Polisi selama ini terlihat setengah hati menelisik peran Siti dalam sejumlah proyek di kementerian yang memiliki anggaran berlimpah itu. Ia dijadikan tersangka sejak Maret 2012, tapi hanya dalam satu perkara: pembelian alat kesehatan pada 2005 senilai Rp 15,5 miliar. Padahal banyak proyek lain yang bermasalah selama Siti memimpin Kementerian Kesehatan pada 2004-2009. Berkas Siti pun sudah berkali-kali dilimpahkan ke kejaksaan tapi selalu dikembalikan lagi karena kurang komplet.
KPK akan lebih mudah membongkar perkara itu karena telah memegang bukti dari perkara korupsi serupa.

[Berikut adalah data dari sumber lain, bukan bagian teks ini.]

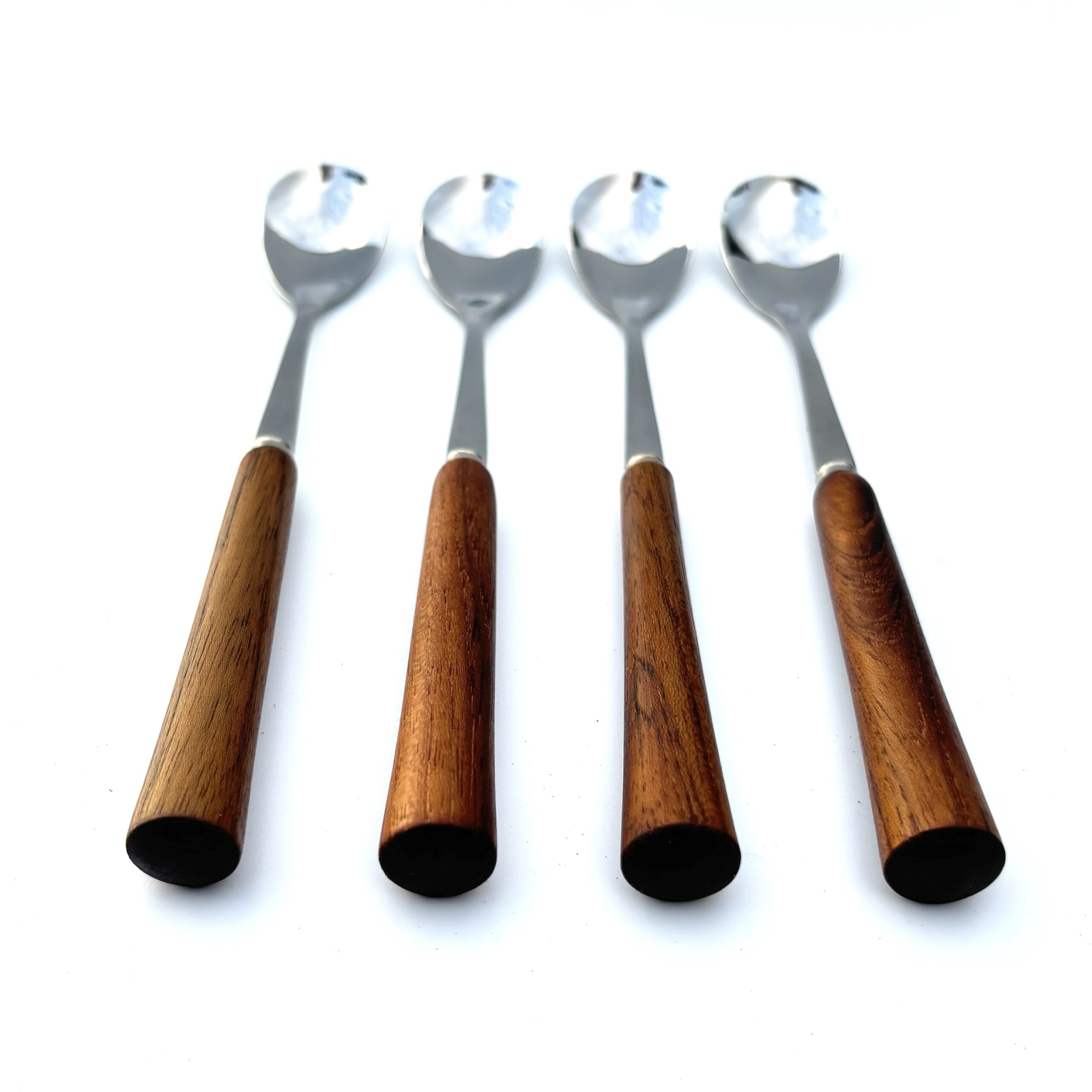 Disse teskeer forener rustfrit stål med smukt, håndbearbejdet teaktræ – et møde mellem funktion og æstetik i det små.

Beberapa anak buah Siti bahkan sudah divonis bersalah. Di antaranya, bekas Kepala Pusat Penanggulangan Krisis, Rustam Syarifuddin Pakaya, yang dijerat kasus pengadaan alat kesehatan 2007. Juga, bekas Direktur Jenderal Bina Pelayanan Medik, Ratna Dewi Umar, yang dihukum dalam perkara pengadaan 2006-2007. Diharapkan, KPK bukan hanya menjerat Siti dalam perkara pengadaan 2005, melainkan juga dalam kasus yang lain.

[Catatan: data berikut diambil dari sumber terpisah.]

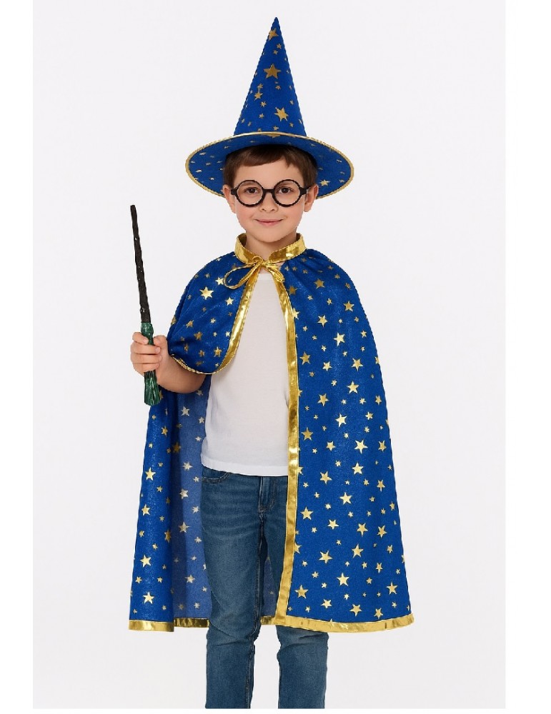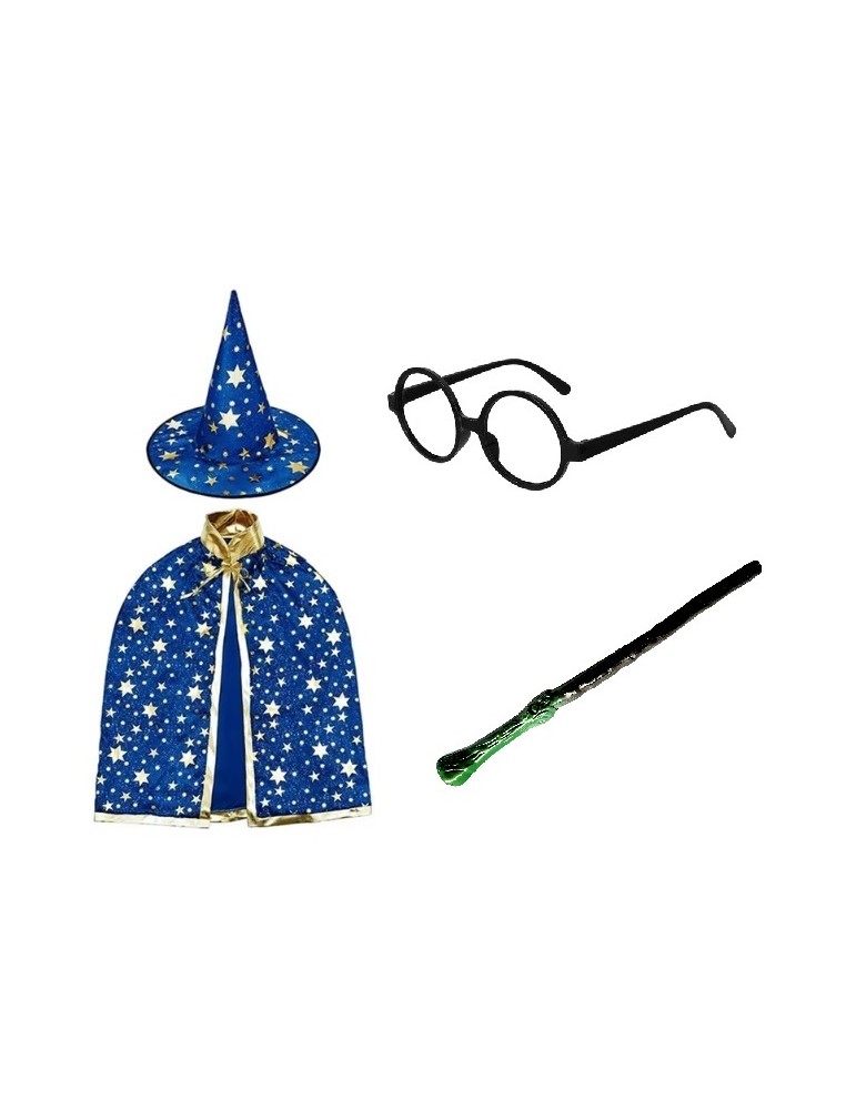 Zestaw Strój Czarodziej Magik Peleryna Kapelusz Różdżka Okulary Niebieski 4el MK910

Perkara Siti menjadi pelajaran penting bagi kepolisian. Lembaga ini tidak perlu ngotot menangani suatu kasus bila tak memiliki banyak bukti atau memang tak berniat membongkarnya. Hingga kini, terdapat sejumlah perkara besar yang juga mangkrak di Badan Reserse Kriminal Polri. Ada baiknya kasus-kasus ini segera diserahkan pula ke KPK.
Salah satu dari perkara itu adalah korupsi proyek tanda nomor kendaraan bermotor di Korps Lalu Lintas Polri pada 2011 senilai Rp 782 miliar. Perkara ini diusut oleh KPK bersamaan dengan korupsi pengadaan simulator kemudi, tapi di tengah jalan "diambil alih" polisi. Padahal komisi antikorupsi saat itu menangani kasus serupa, yakni perkara Irjen Djoko Susilo, mantan Kepala Korps Lalu Lintas.

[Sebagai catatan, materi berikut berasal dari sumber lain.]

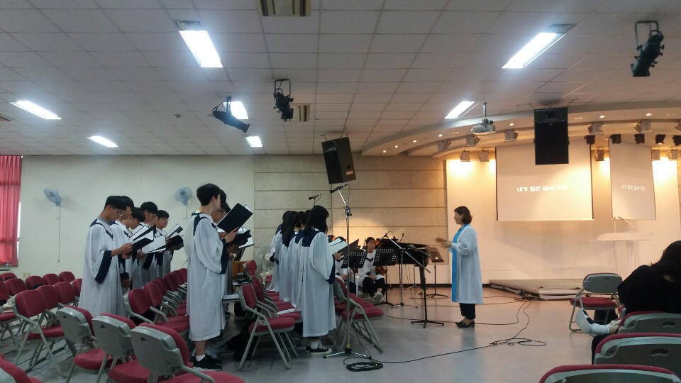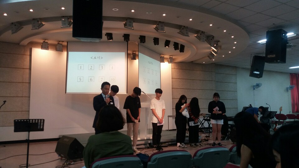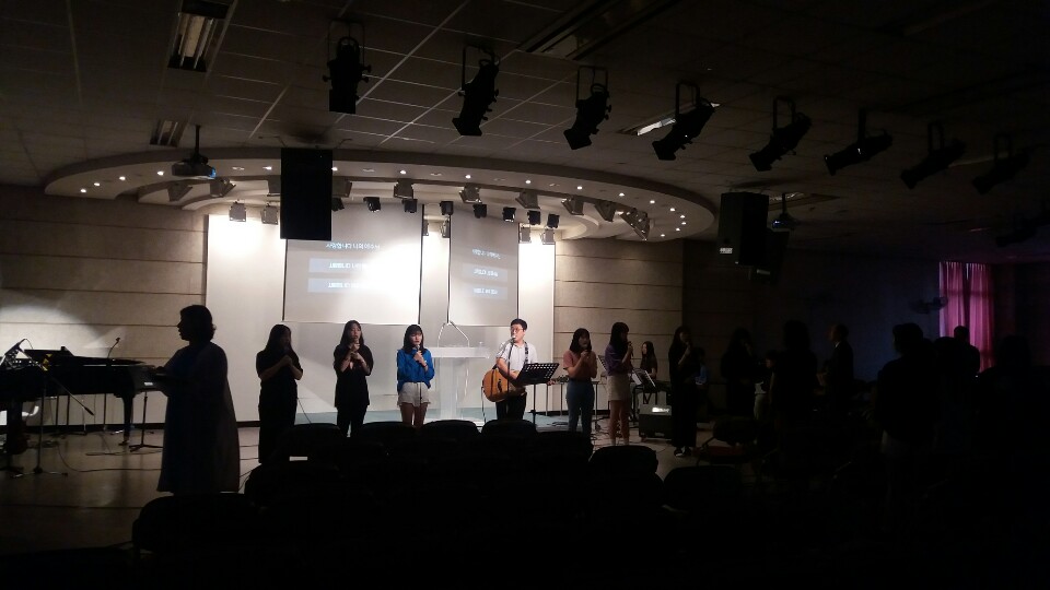 오늘 고등부에서는 찬양팀의 예배전 찬양,고1 선생님들의 헌금송, 찬양대의 찬양, 합심기도, 학생회의 8월 생일자 축하의 시간이 있었습니다~^^

Kasus korupsi proyek pembangunan vaksin flu burung senilai Rp 718,8 miliar hingga kini juga masih dipegang oleh kepolisian. Begitu pula pembangunan fasilitas chicken breeding research senilai Rp 663,4 miliar. Kedua perkara yang melibatkan mantan politikus Partai Demokrat, Muhammad Nazaruddin, itu masih terbengkalai. Padahal kasus Nazar yang ditangani KPK sudah kelar.
KPK sebetulnya berhak mengawasi, bahkan mengambil alih, semua kasus yang ditangani kepolisian atau kejaksaan. Undang-Undang Nomor 30 Tahun 2002 tentang Komisi Pemberantasan Korupsi memberinya wewenang. Tak perlu menunggu atau sungkan mengambil alih, pimpinan komisi antikorupsi semestinya bertindak tegas. Sebaliknya, kepolisian pun perlu menghindarkan diri dari kebiasaan lama: membiarkan suatu kasus menguap begitu saja. Modus ini hanya membuat citra polisi semakin rusak.